What the task asks: Would you return the lines between the one holding "ピリッとアクセント! アジのカルパッチョ マスタード醤油風味。" and the one holding "证券之星消息,10月15日,广发稳健优选", inclusive, and only those, exactly as they stand in the listing below?

Source information:
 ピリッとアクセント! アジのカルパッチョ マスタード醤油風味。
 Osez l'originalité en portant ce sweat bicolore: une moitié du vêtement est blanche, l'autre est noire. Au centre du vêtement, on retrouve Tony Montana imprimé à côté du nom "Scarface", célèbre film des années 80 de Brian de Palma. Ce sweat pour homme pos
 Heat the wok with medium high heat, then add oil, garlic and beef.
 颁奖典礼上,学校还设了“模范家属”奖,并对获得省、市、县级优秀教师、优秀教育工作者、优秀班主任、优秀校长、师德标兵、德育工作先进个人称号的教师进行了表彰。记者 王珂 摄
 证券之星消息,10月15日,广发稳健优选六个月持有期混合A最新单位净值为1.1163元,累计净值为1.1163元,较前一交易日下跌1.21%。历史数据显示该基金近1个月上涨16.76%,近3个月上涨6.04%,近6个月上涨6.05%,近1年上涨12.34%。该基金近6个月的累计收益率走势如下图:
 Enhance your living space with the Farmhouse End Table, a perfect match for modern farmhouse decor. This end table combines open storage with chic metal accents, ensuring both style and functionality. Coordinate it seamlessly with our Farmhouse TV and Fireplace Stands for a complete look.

==

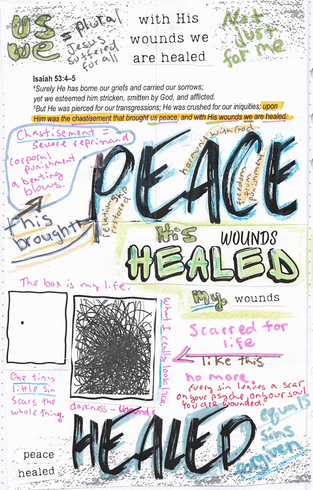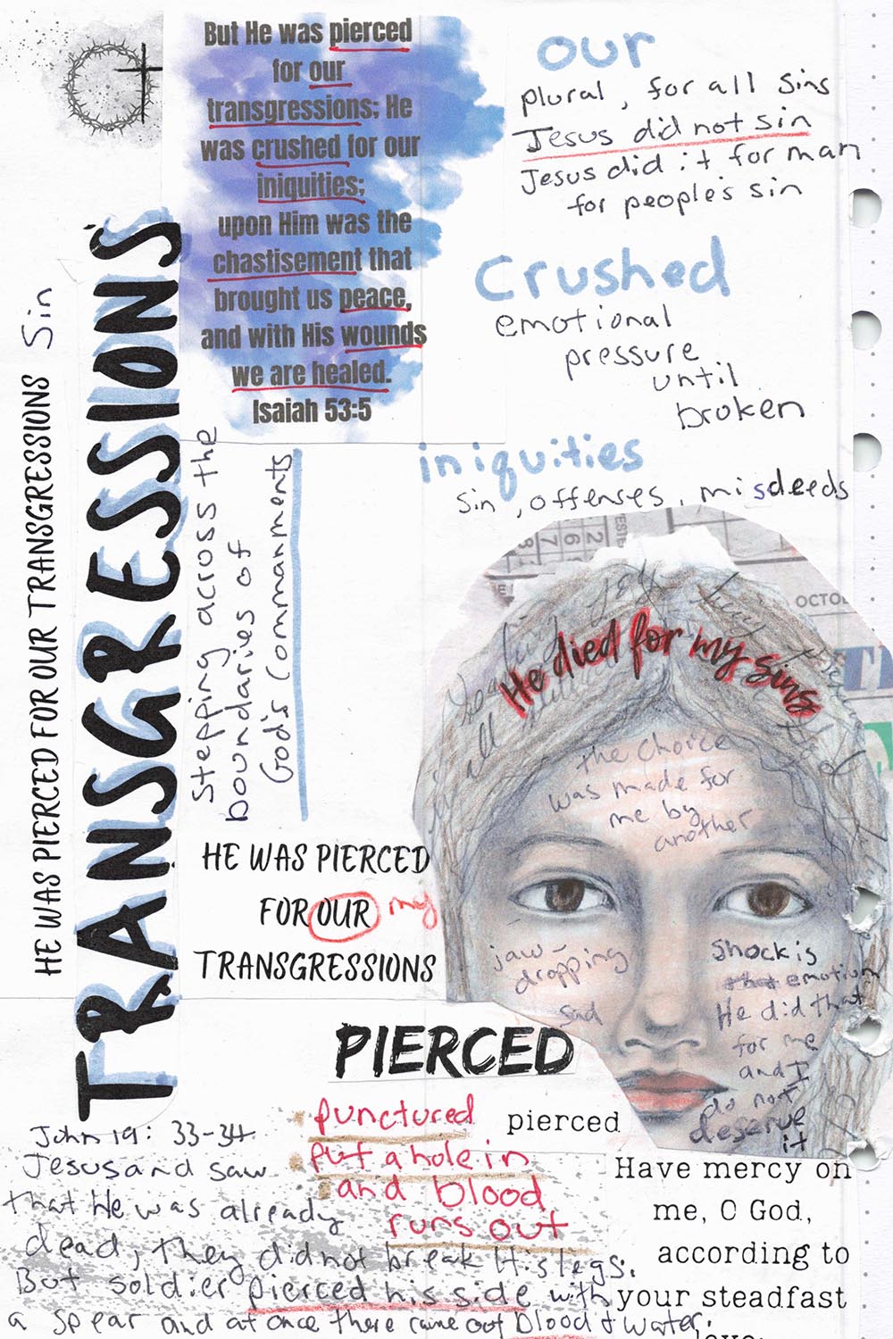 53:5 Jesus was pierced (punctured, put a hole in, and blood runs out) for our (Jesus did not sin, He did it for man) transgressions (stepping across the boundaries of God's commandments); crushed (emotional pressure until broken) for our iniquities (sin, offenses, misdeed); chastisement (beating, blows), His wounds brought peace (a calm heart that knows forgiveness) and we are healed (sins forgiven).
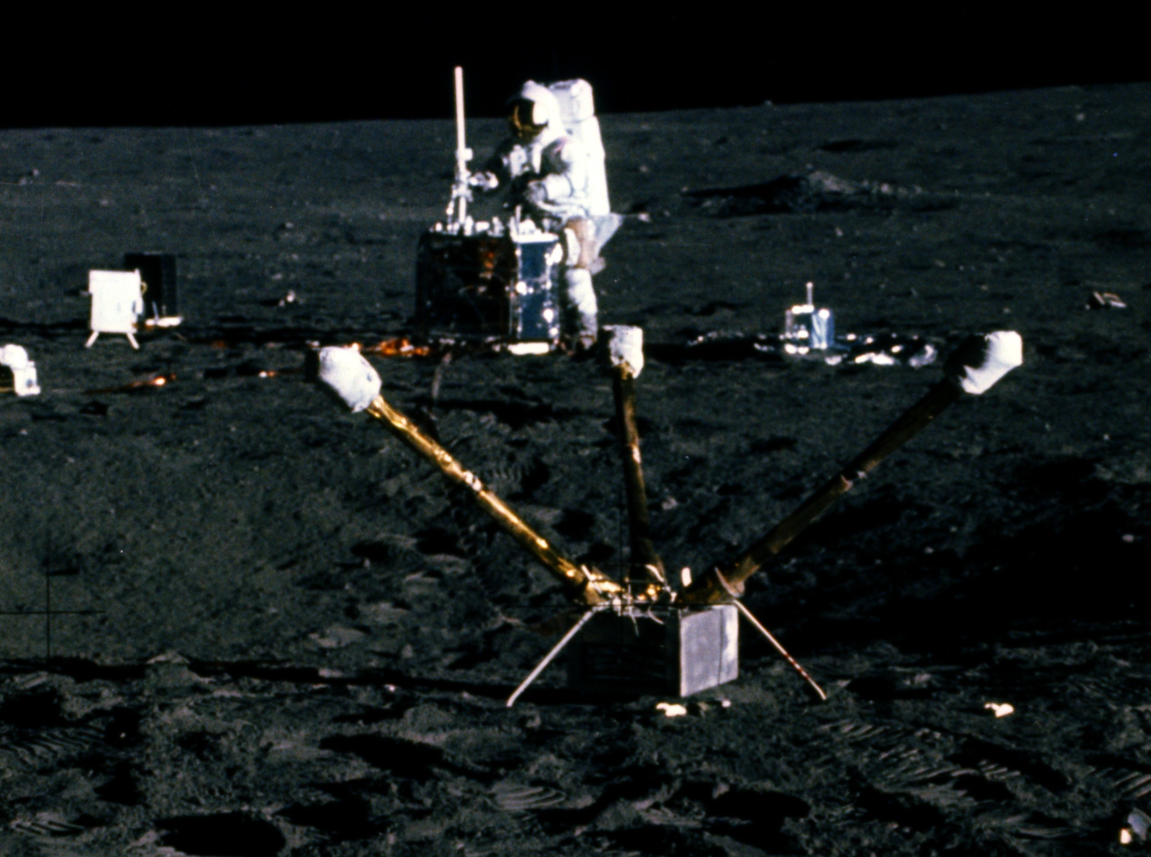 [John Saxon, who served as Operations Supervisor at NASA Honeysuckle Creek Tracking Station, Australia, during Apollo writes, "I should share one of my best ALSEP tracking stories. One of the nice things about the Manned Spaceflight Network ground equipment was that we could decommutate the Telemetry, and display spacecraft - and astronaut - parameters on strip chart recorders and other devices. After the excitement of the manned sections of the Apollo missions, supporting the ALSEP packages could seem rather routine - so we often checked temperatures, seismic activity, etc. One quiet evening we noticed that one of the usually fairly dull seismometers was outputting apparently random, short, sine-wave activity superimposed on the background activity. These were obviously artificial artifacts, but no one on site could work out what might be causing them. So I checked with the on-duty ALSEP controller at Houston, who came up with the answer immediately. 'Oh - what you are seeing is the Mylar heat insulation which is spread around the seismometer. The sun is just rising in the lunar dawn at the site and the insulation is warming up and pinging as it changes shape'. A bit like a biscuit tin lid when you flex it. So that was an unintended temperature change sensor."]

--

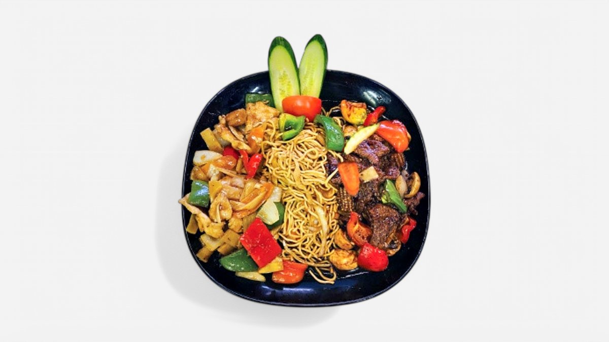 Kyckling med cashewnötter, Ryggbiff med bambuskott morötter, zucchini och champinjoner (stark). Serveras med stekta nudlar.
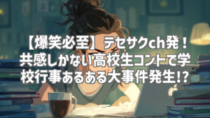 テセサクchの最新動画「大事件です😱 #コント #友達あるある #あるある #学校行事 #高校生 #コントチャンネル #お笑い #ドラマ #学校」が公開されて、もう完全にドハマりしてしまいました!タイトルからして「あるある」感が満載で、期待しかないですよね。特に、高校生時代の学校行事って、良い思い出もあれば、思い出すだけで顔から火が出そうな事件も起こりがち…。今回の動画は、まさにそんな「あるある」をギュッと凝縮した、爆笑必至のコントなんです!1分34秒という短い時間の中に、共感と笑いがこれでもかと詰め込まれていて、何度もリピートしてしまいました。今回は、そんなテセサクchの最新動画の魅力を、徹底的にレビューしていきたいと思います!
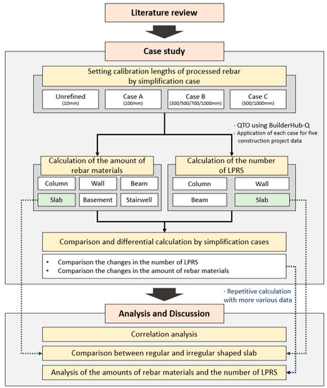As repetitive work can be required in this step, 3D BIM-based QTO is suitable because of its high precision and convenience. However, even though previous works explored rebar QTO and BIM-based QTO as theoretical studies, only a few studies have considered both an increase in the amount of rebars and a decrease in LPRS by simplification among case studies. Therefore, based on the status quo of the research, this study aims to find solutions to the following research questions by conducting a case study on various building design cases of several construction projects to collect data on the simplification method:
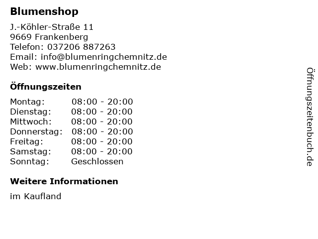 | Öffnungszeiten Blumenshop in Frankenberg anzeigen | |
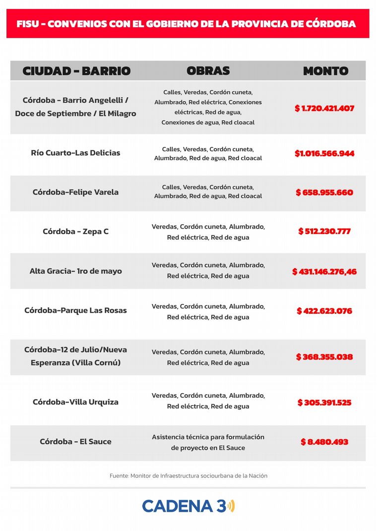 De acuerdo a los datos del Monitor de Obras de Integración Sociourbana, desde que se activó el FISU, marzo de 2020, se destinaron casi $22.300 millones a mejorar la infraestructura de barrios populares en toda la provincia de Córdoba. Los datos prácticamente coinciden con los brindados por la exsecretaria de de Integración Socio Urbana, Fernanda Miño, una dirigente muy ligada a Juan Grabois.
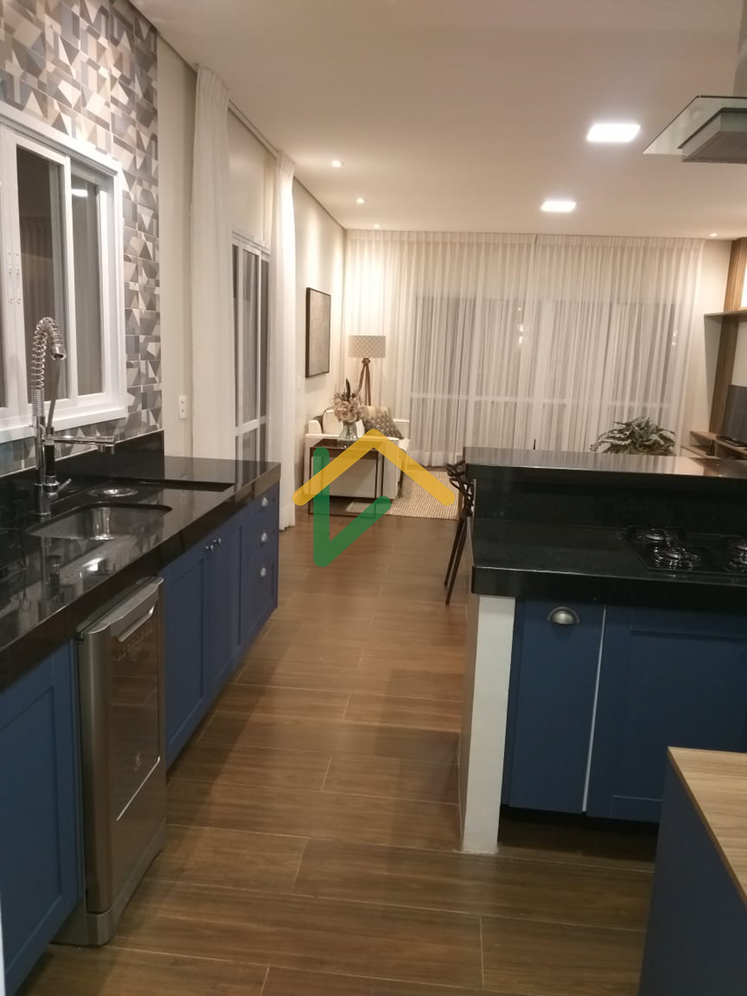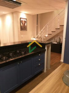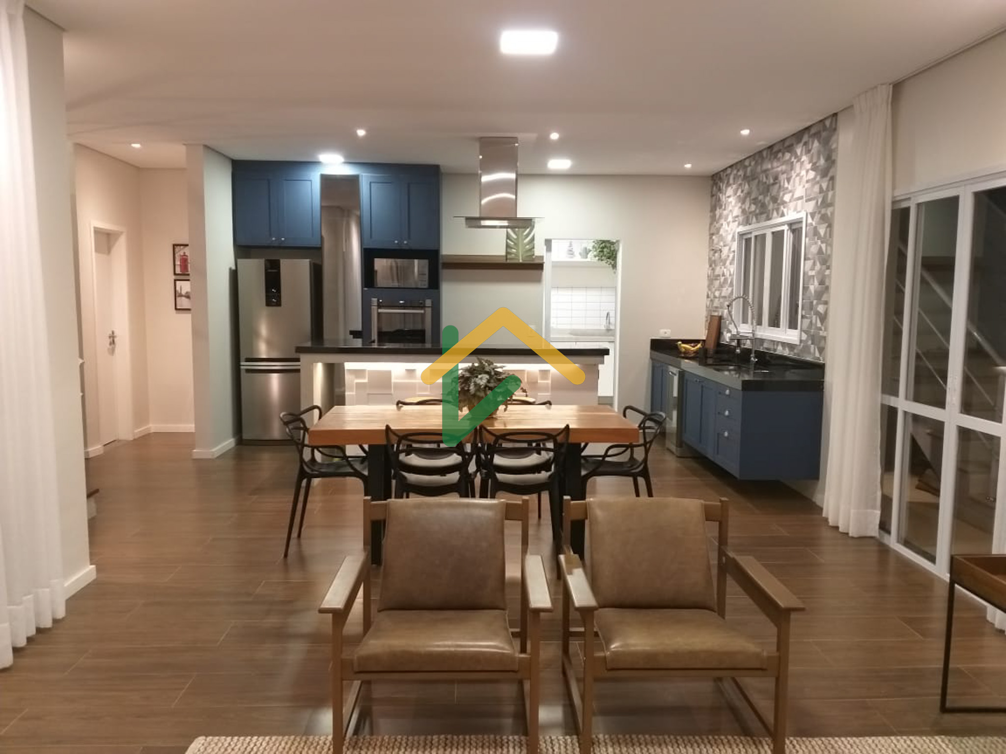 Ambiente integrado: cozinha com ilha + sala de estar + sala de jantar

Your solution:
 ピリッとアクセント! アジのカルパッチョ マスタード醤油風味。
 Osez l'originalité en portant ce sweat bicolore: une moitié du vêtement est blanche, l'autre est noire. Au centre du vêtement, on retrouve Tony Montana imprimé à côté du nom "Scarface", célèbre film des années 80 de Brian de Palma. Ce sweat pour homme pos
 Heat the wok with medium high heat, then add oil, garlic and beef.
 颁奖典礼上,学校还设了“模范家属”奖,并对获得省、市、县级优秀教师、优秀教育工作者、优秀班主任、优秀校长、师德标兵、德育工作先进个人称号的教师进行了表彰。记者 王珂 摄
 证券之星消息,10月15日,广发稳健优选六个月持有期混合A最新单位净值为1.1163元,累计净值为1.1163元,较前一交易日下跌1.21%。历史数据显示该基金近1个月上涨16.76%,近3个月上涨6.04%,近6个月上涨6.05%,近1年上涨12.34%。该基金近6个月的累计收益率走势如下图:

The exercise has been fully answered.